**GIVEN MATERIAL**.

*** Block opens ***

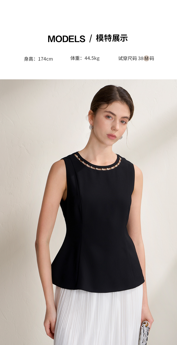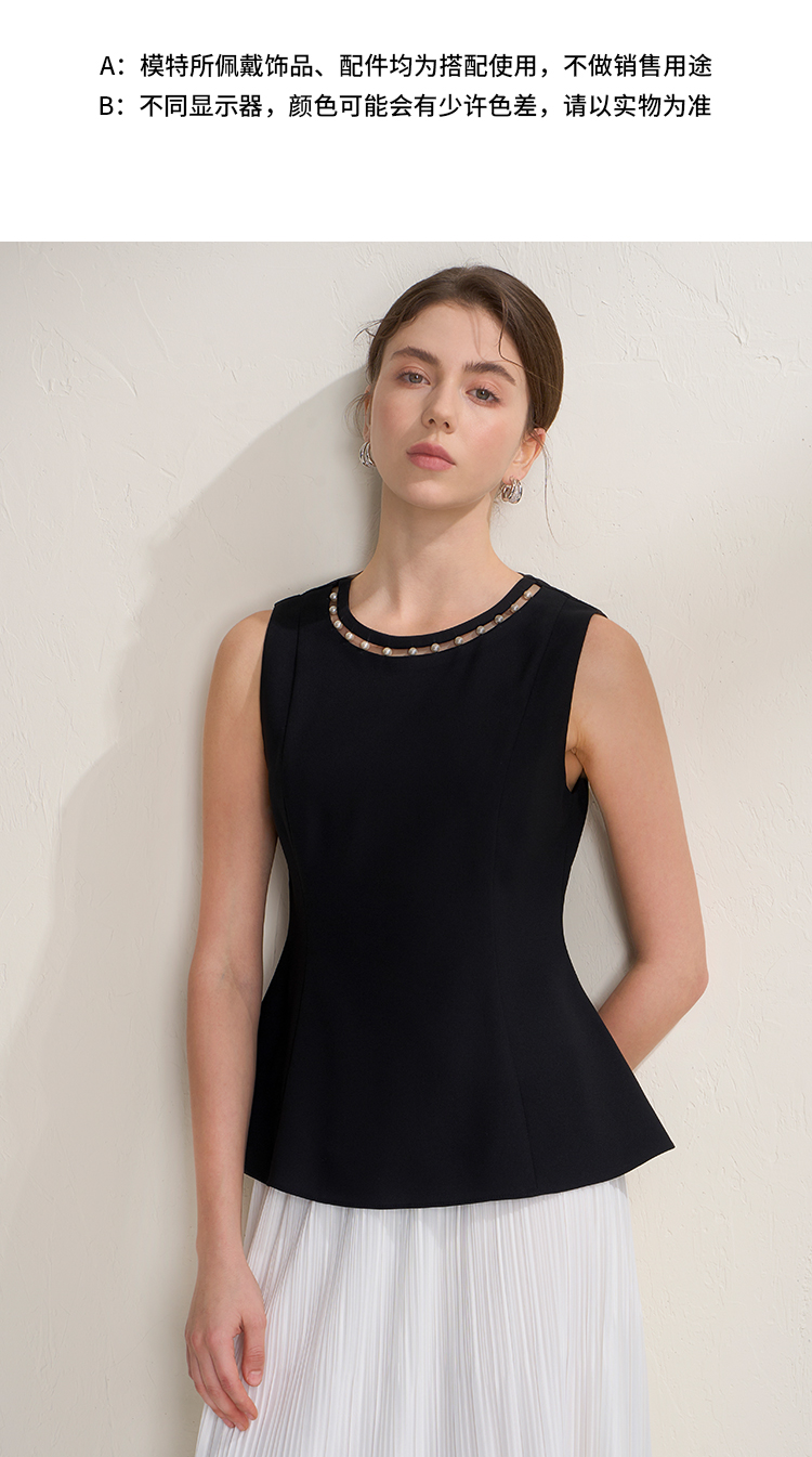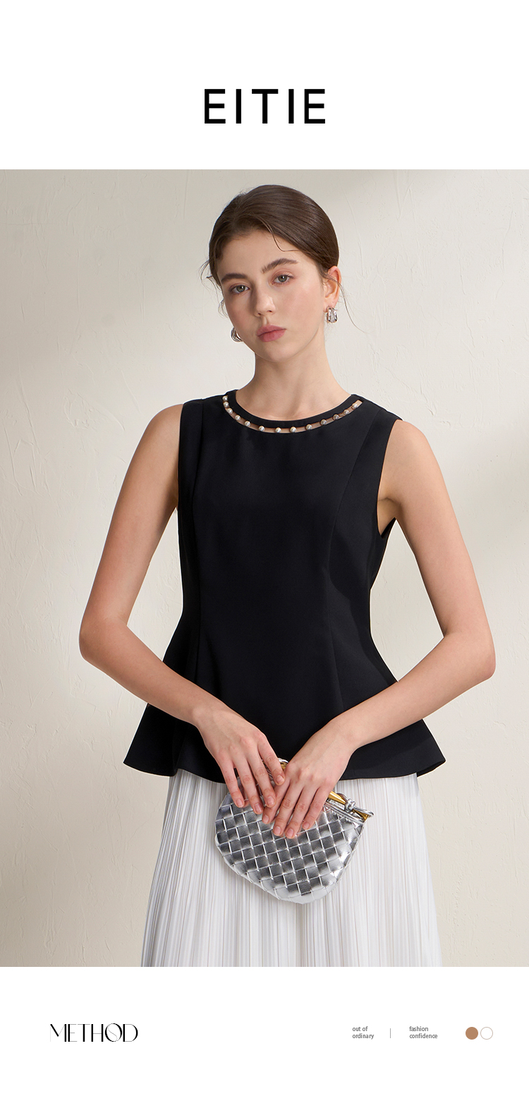 EITIE爱特爱千金风设计感显瘦荷叶边下摆无袖小上衣2026夏新款B2613202
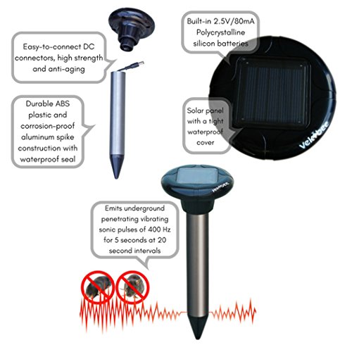 - Sonic Pulses Against Burrowing Rodents: Vekibee Solar Sonic Mole Repeller vibrates and emits 400 HZ low-frequency sonic pulses every 20 seconds to repel burrowing rodents. The vibrations and sonic pulses are harmless to human, pets and environment.
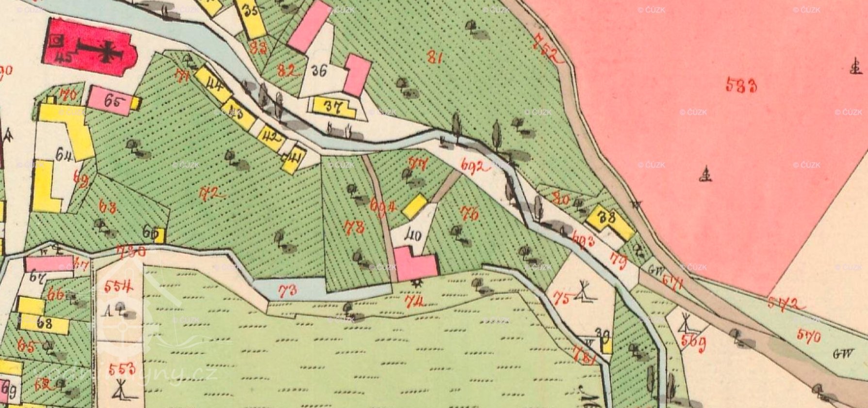 Zachovalý částečně zděný a částečně roubený mlýn.
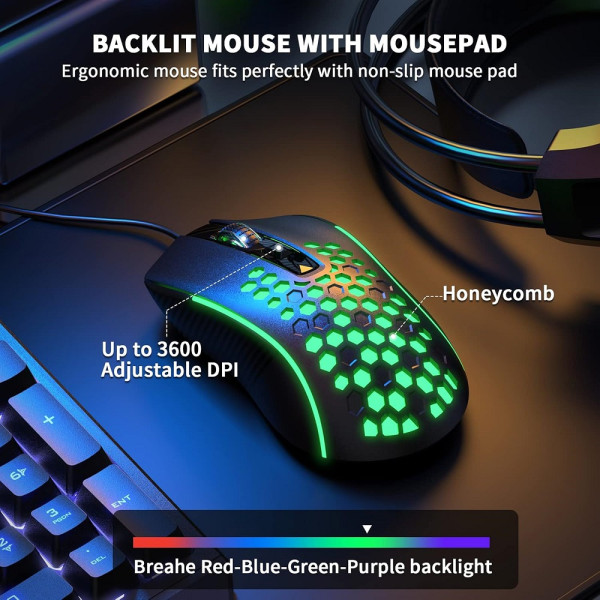 Souris gaming ergonomique rétroéclairée : Souris gaming rétroéclairée RVB à 4 niveaux de DPI disponibles : 1200/1600/2400/3200. Sa coque perforée en nid d’abeille garde vos paumes au frais même après une utilisation prolongée et vous offre une expérience tactile optimale.

*** Block closes ***

Could you reproduce all of the material exactly? Keep the pictures out of it.

**PROBLEM SOLUTION**.
 EITIE爱特爱千金风设计感显瘦荷叶边下摆无袖小上衣2026夏新款B2613202
 - Sonic Pulses Against Burrowing Rodents: Vekibee Solar Sonic Mole Repeller vibrates and emits 400 HZ low-frequency sonic pulses every 20 seconds to repel burrowing rodents. The vibrations and sonic pulses are harmless to human, pets and environment.
 Zachovalý částečně zděný a částečně roubený mlýn.
 Souris gaming ergonomique rétroéclairée : Souris gaming rétroéclairée RVB à 4 niveaux de DPI disponibles : 1200/1600/2400/3200. Sa coque perforée en nid d’abeille garde vos paumes au frais même après une utilisation prolongée et vous offre une expérience tactile optimale.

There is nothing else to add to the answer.